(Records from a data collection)
━━━
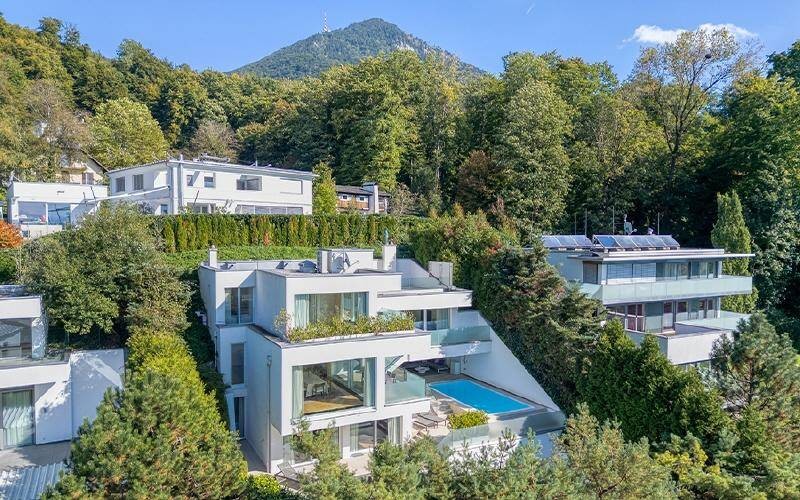 Am Fuße des Gaisbergs erwartet Sie diese moderne Designvilla, die mit unwiederbringlichen Ausblicken auf die Stadt Salzburg und die imposante Bergwelt begeistert. Absolutes Highlight ist der Festungsblick, der Sie beinahe von allen Räumen verzaubert.
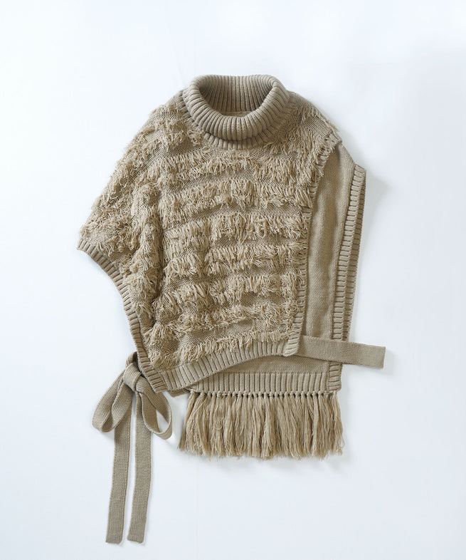 No4. 5G Cashmere Touch Asymmetric Hem Tassel Turtleneck Fringe Knit Vest
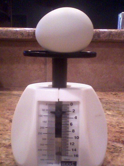 DISCLAIMER: I have a 99 cent diet scale that is pretty old and beat up. It has a lever and is not digital, so reading finer that +/- 2 grams is a challenge. I was at my sister's home two weeks ago and took her some Black Copper Marans Eggs for her kitchen use. I noticed that she had a digital scale so I weighed some of the BCM eggs and from that I think my lever arm diet scale may be a few grams heavy but below are the results I have in my flock book.
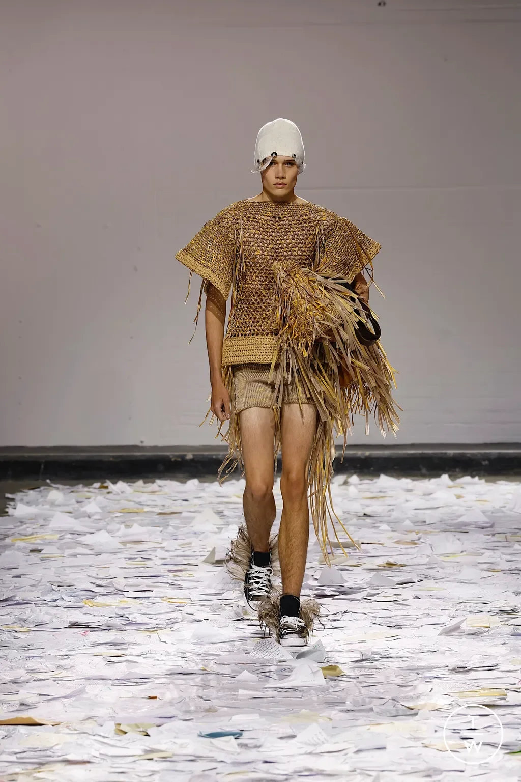 Opening in the NewGen space, Oscar Ouyang made his runway debut with a knitwear-inflected collection inspired by messenger birds—owls, doves, eagles—and the notion of lost letters. His work felt like a poetic overture: delicate textures, soft edges, and a narrative sense of communication across distance.
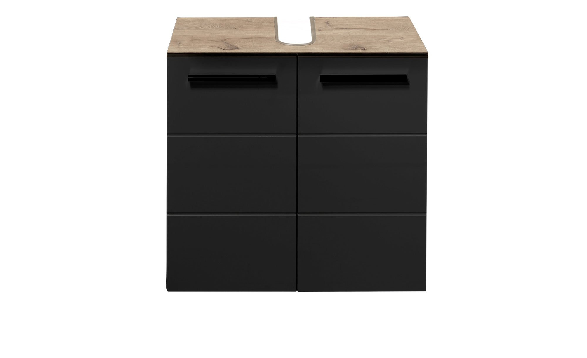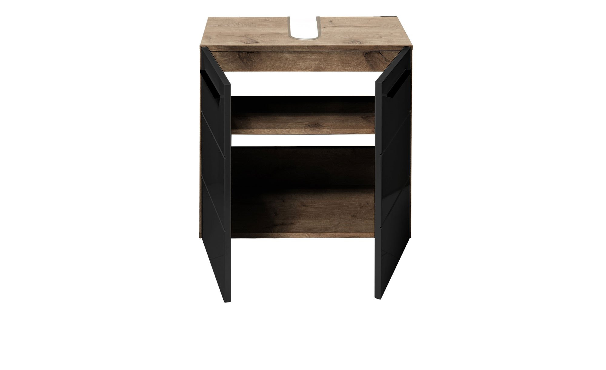 Das Möbelstück misst ca. 60 x 62 x 31 cm und verfügt über einen ca. 10 x 24 cm großen Siphonausschnitt. Es erwarten Sie außerdem zwei Türen und im Innern ein Einlegeboden zum Verstauen unterschiedlicher Bad-Utensilien.
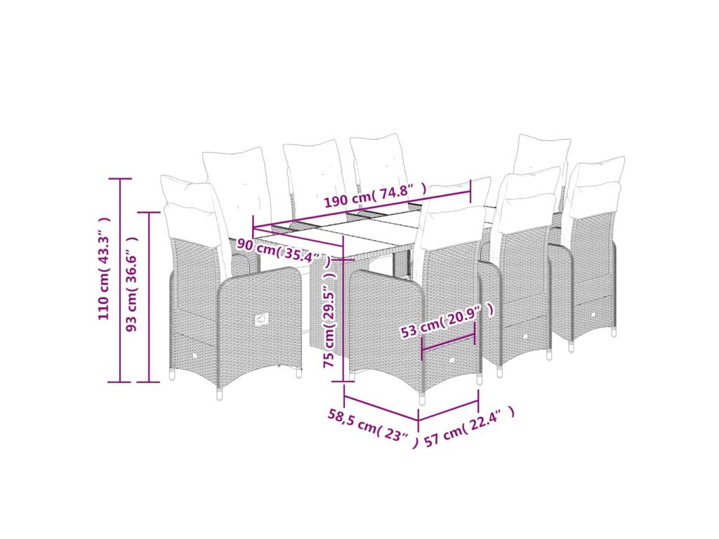 - Pohodlné sezení: Tento venkovní nábytek se silně polstrovanými poduškami a polštáři nabízí pohodlné sezení.
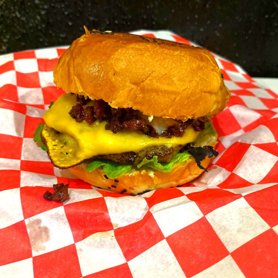 pan brioche con carne de sirloin, lechuga, tomate, queso americano, pepperoni y queso parmesano
━━━
_Task description_
Please give a word-for-word transcript of the lines from the one holding "Opening in the" through the final line of the entries, both ends kept, with no pictures.

_Exercise output_
 Opening in the NewGen space, Oscar Ouyang made his runway debut with a knitwear-inflected collection inspired by messenger birds—owls, doves, eagles—and the notion of lost letters. His work felt like a poetic overture: delicate textures, soft edges, and a narrative sense of communication across distance.
 Das Möbelstück misst ca. 60 x 62 x 31 cm und verfügt über einen ca. 10 x 24 cm großen Siphonausschnitt. Es erwarten Sie außerdem zwei Türen und im Innern ein Einlegeboden zum Verstauen unterschiedlicher Bad-Utensilien.
 - Pohodlné sezení: Tento venkovní nábytek se silně polstrovanými poduškami a polštáři nabízí pohodlné sezení.
 pan brioche con carne de sirloin, lechuga, tomate, queso americano, pepperoni y queso parmesano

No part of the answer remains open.